Economists believe that the strength of the economic rebound will mainly depend on how quickly states can relax restrictions and the willingness of consumers to spend on discretionary items.

Some states have started easing restrictions, but India is still reporting over 1.5 lakh Covid-19 cases per day. In such a scenario, ramping up vaccinations seems to be the best way to reduce cases as it will allow states to unlock faster.

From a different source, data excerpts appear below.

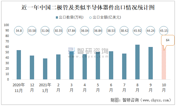 根據中國海關數據顯示:2021年10月中國二極管及類似半導體器件進口數量為1萬噸,同比增長72.7%,進口金額為23.94億美元,同比增長21.7%,2021年10月中國二極管及類似半導體器件出口數量為64萬噸,同比增長27.8%,出口金額為45.15億美元,同比增長42.4%;2021年1-10月中國二極管及類似半導體器件進口數量為9萬噸,進口金額為243.37億美元,出口數量為523萬噸,出口金額為384.29億美元。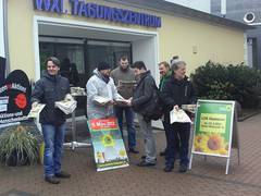 Zur Mobilisierung der Aktions- und Menschenkette am 9. März anlässlich des 2. Fukushima-Jahrestages. Für einen Stand der Grohnde-Kampagne innerhalb der Parteitagsgeländes hatte die beiden Parteien leiden keinen Platz.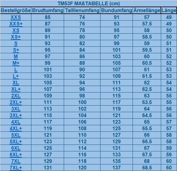 XXS, XXS+, XS, XS+, S, S+, M, M+, L, L+, XL, XL+, 2XL, 2XL+, 3XL, 3XL+, 4XL, 4XL+, 5XL, 5XL+, 6XL, 6XL+, 7XL, 7XL+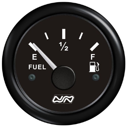 Nuova Rade electrical fuel gauge with 48mm dial size and fits standard hole cutout of 52mm with panel thickness upto 20mm. Comes with wiring harness and suit 12-24v systems.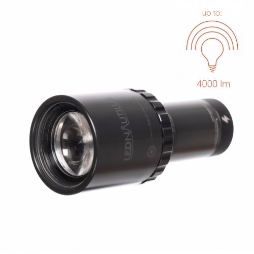 Il LED NAUTILUS è una torcia subacquea innovativa con un angolo del fascio luminoso regolabile da 9° a 45°, che consente ai subacquei di personalizzare l'illuminazione secondo le necessità. Utilizzando la più recente tecnologia COB Cree CXB, offre una luminosità fino a 4000 lumen, garantendo un'eccezionale visibilità in diverse condizioni. Con tre impostazioni di luminosità (BOOST, OPERATIONAL e BACK-UP), permette di regolare il consumo della batteria e l'intensità della luce in base alle esigenze e alle condizioni dell'immersione. Il design modulare è compatibile con vari cavi e batterie, consentendo una personalizzazione secondo le necessità individuali del subacqueo. Realizzato con materiali di alta qualità, offre resistenza alla corrosione e ai danni meccanici ed è testato per l'uso fino a una profondità di 150 metri.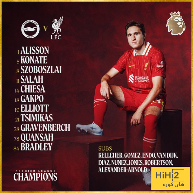 هاي كورة- أعلن ارني سلوت مدرب ليفربول عن تشكيلة فريقه الرسمية للقاء برايتون مساء اليوم الاثنين، ضمن منافسات الجولة الـ 37 في الدوري الانجليزي الممتاز.

Another key factor that could impact India’s economic growth is slower demand recovery. After the first wave of coronavirus, the country witnessed a sharp rebound in demand for discretionary items, aided by the festive season that started in October 2020.

Many economists suggest that the situation is different this year with respect to demand. They say that demand recovery is likely to be slower due to higher spending on health in view of the deadlier wave of Covid-19 in 2021.

Consumer sentiment data also suggests that households may not be keen on spending as aggressively as last year due to lower savings and higher spending on essential items like healthcare and fuel.

The severe wave of the pandemic has also impacted jobs, though not as bad as last year. Data from Mumbai-based think tank Centre for Monitoring India Economy (CMIE) suggests that the unemployment rate is likely to touch 10 per cent in May. This, too, will have an impact on demand for a longer period.

The Reserve Bank of India May bulletin also indicated that the Covid-19 situation during the second wave has resulted in a “demand shock” and would pose a major challenge to recovery.